В Луисе Елисео не нравилось все: и то, что он удачно женился на девушке из богатой семьи, и то, что в их доме были покой и довольство, и то, что дело Луиса процветало: он был жестким хозяином и расчетливым купцом. Но больше всего Елисео не нравилось в сыне то, что ничего другого Луис не хотел. Елисео как-то забывал (или старался забыть), что Луис вырос в чужом доме без матери и почти без отца и, став взрослым, стремился к тому семейному уюту, которого ему так не хватало в детстве.

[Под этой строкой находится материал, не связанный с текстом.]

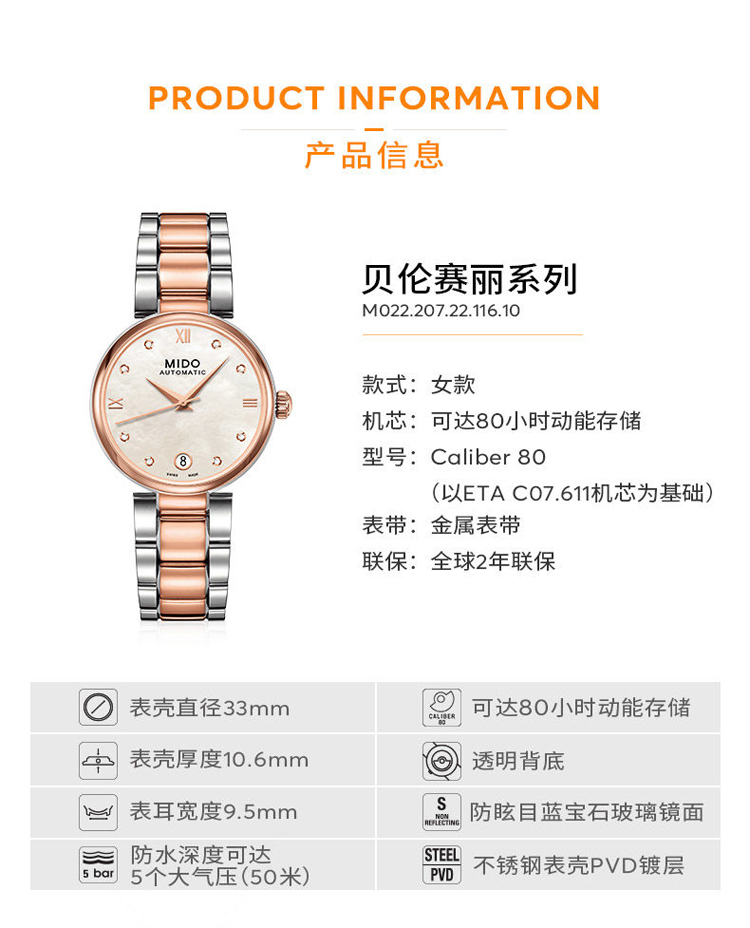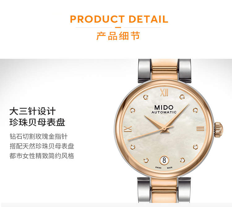 商品名称:MIDO美度 贝伦赛丽系列自动机械休闲女表 (不支持无理由退换货)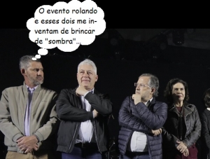 O clic é desta sexta-feira, na hora da abertura oficial da Festa Nacional do Carneiro no Buraco, na praça São José, em Campo Mourão. O vereador Jadir Pepita observa o deputado Douglas Fabrício e o prefeito Tauillo Tezelli, que fazem a mesma pose.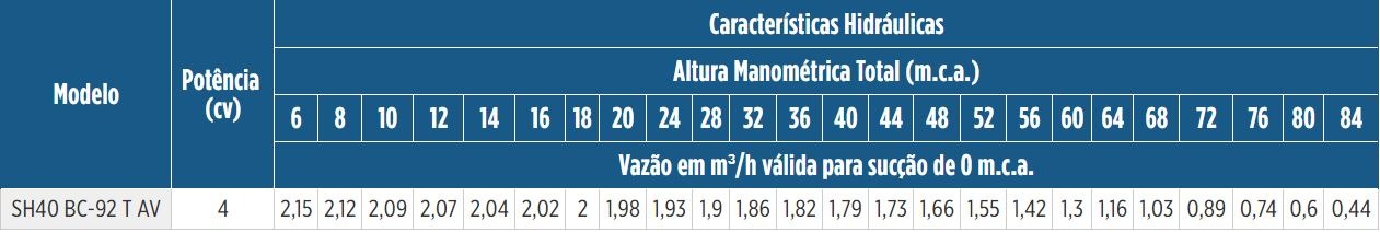 | Motor | Rotor | Vazão | Bocais | Pressão | Potência |
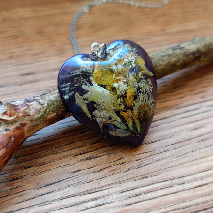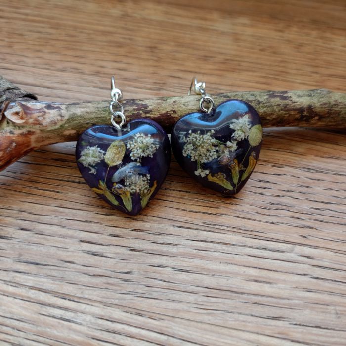 Komplet wisiorka i kolczyków z żywicy epoksydowej z zatopionymi kwiatami to biżuteria, która zatrzymuje czas i pozwala nosić przy sobie odrobinę natury zaklętą w szklanym blasku.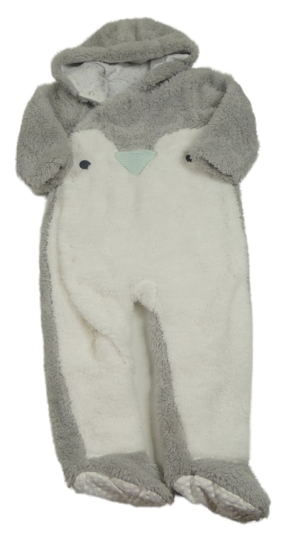 Bielo-sivá chlpatá kombinéza s ňufáčikom a kapucňou Mothercare
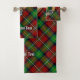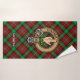Clan Boyd crest badge surrounded by a strap and buckle over tartan background. Custom text on each towel.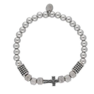 Pulsera para Hombre . Es una pulsera original de la marca Liska , para hombre de la colección Urban. Es un modelo elaborado con bolas en acero de 6,30mm de diámetro y con una cruz central con circonitas en color negro. La longitud es de aproximadamente unos 21 cm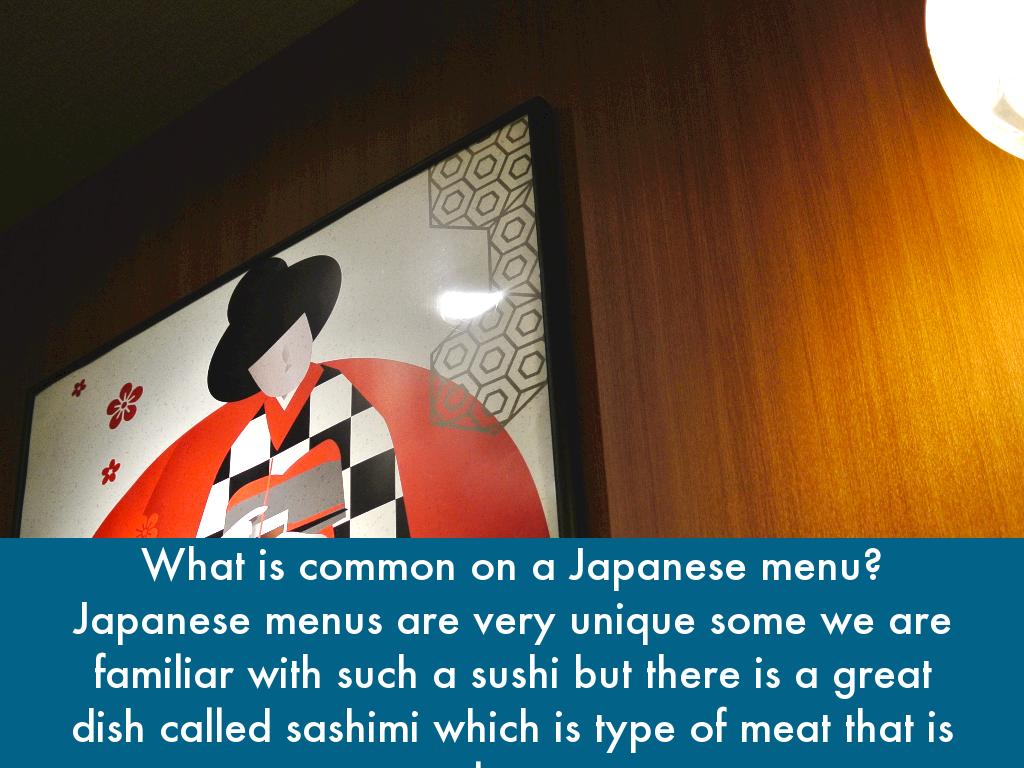 What is common on a Japanese menu? Japanese menus are very unique some we are familiar with such a sushi but there is a great dish called sashimi which is type of meat that is commonly eaten raw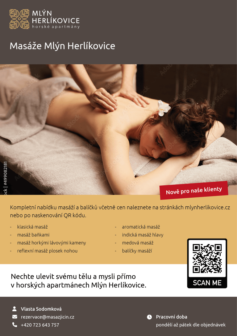 Zároveň nabízíme možnost využít služby masérny se širokou nabídkou služeb. Možná zrovna potřebujete uvolnit bolavá záda. Podívejte se na nabídku níže.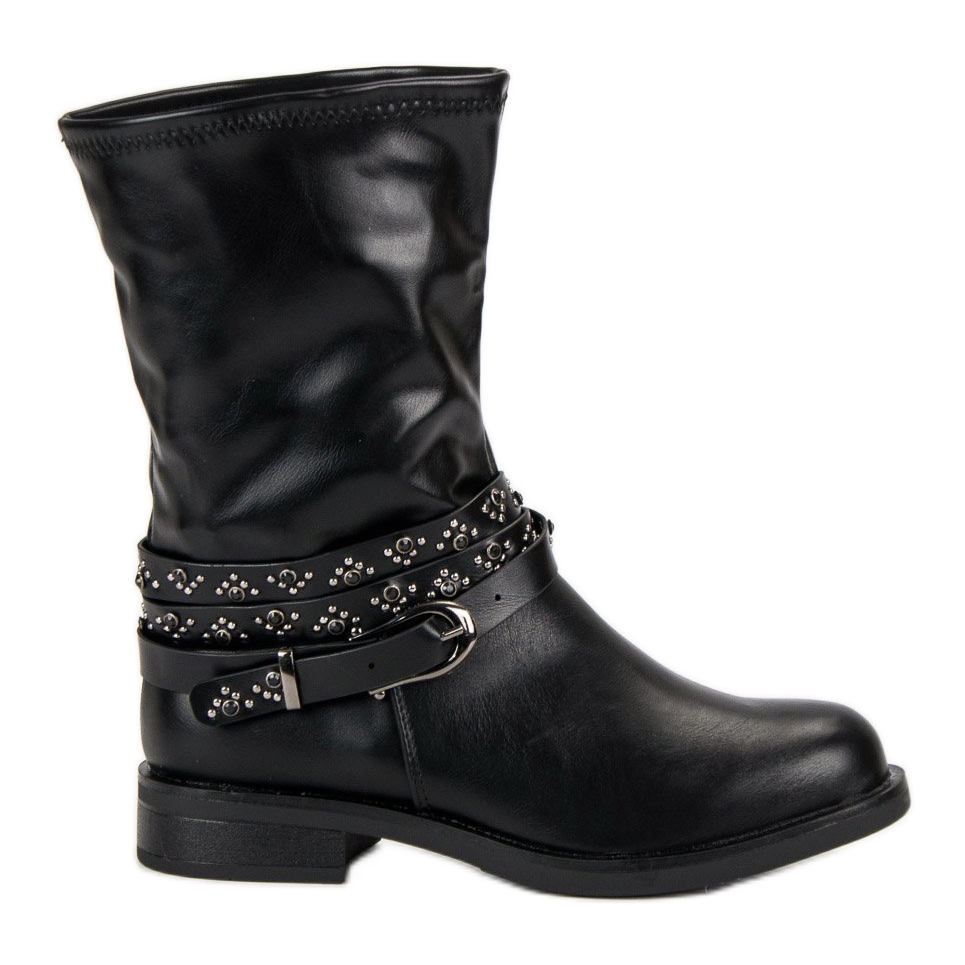Schwarze Arbeiterstiefel sind ein universelles Accessoire, das sowohl zu legeren als auch zu eleganteren Styles perfekt passt. Verziert mit dekorativen Streifen mit Strasssteinen und einer markanten Schnalle ziehen sie die Blicke auf sich und verleihen jedem Styling einen einzigartigen Charakter.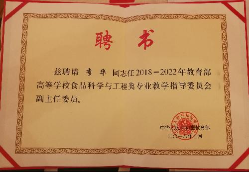 2018年12月22日,2018-2022年教育部高等学校食品科学与工程专业教学指导委员会成立大会,在江苏无锡江南大学举行。教育部高教处领导、江南大学副董事长顾正彪教授以及新一届食品科学与工程专业教指委全体成员参加会议。公司李华教授连任食品教指委委员并受聘新一届食品科学与工程专业教指委副主任委员。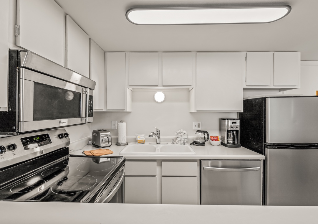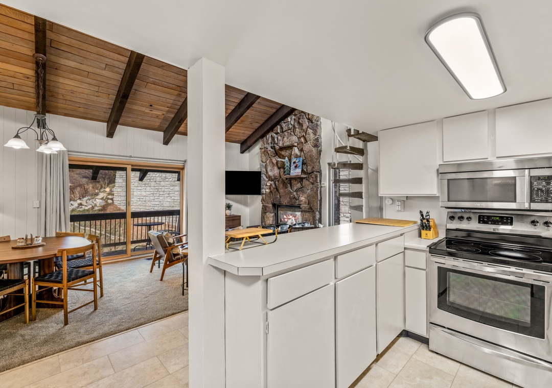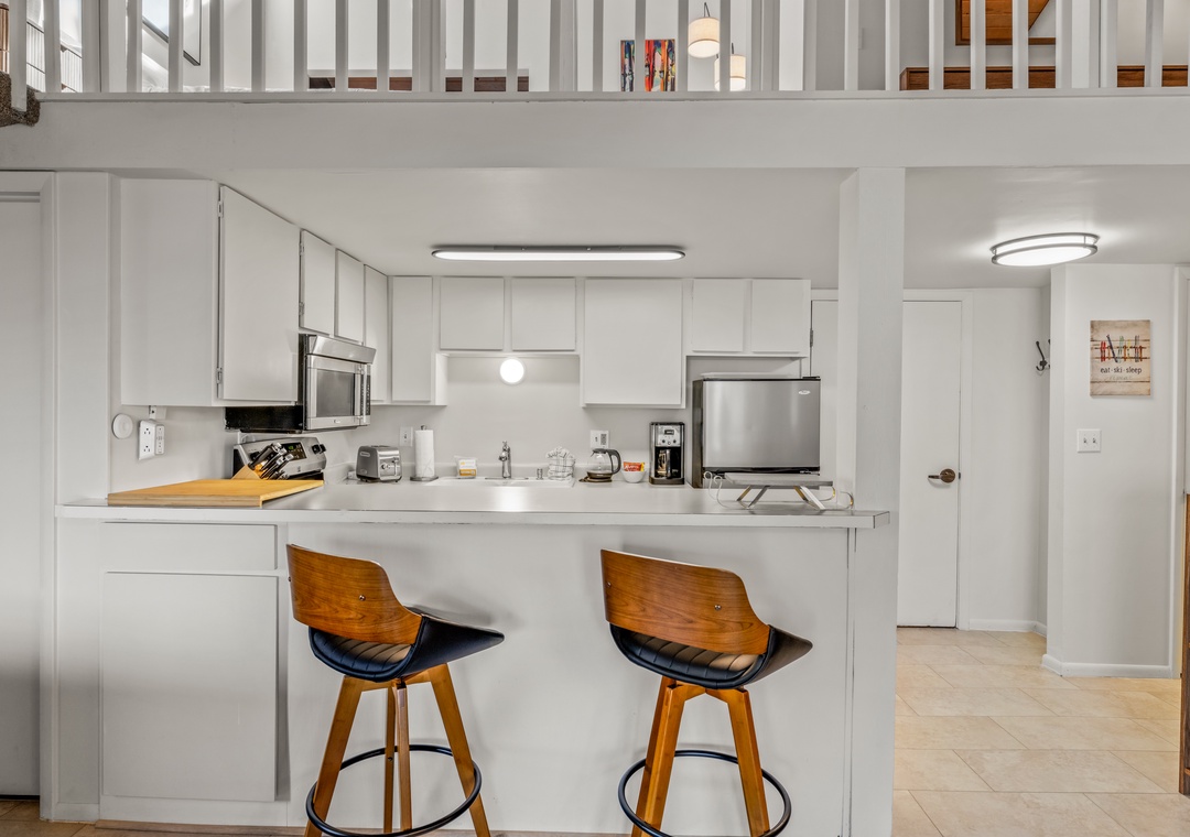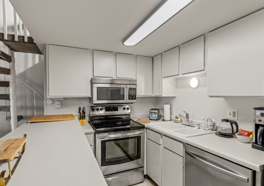 • Fully Stocked Kitchen – Featuring stainless steel appliances, ample cookware, and bar seating

15Однажды Елисео взял Мигеля с собой в дом на вершине. Дом был большой, но почти пустой. Гордостью хозяина были звездная сфера и глобус – чтобы достать до Северного полюса, Мигелю пришлось встать на цыпочки. Когда зашло солнце, они поднялись на крышу. Мануэль опустился в свое вращающееся кресло и предложил своим гостям стулья с высокими спинками и подголовниками. Сидеть Мигелю было неудобно, и он лег на теплый камень. Они молчали и смотрели на небо. Чуть треснувшим голосом Мануэль сказал:
– Нет ничего прекраснее звездного неба. Когда я смотрю на него, мне кажется, что я оторвался и падаю, падаю в бездну. Я забываю о том, что я неуклюжий старик, я больше не чувствую свое тело, оно остается внизу. Я не хочу никуда долететь, не думаю, что звезды – это гигантские костры, я вижу только мерцающие капли света. Стоит мне протянуть руку – и я могу взять любую, и положить на ладонь, и нанизать на крепкую нить, и снова рассыпать, и снова падать, падать, падать. Стоит мне повернуться – и все изменится, и новая картина предстанет мне, и после заката она одна, а перед рассветом – другая.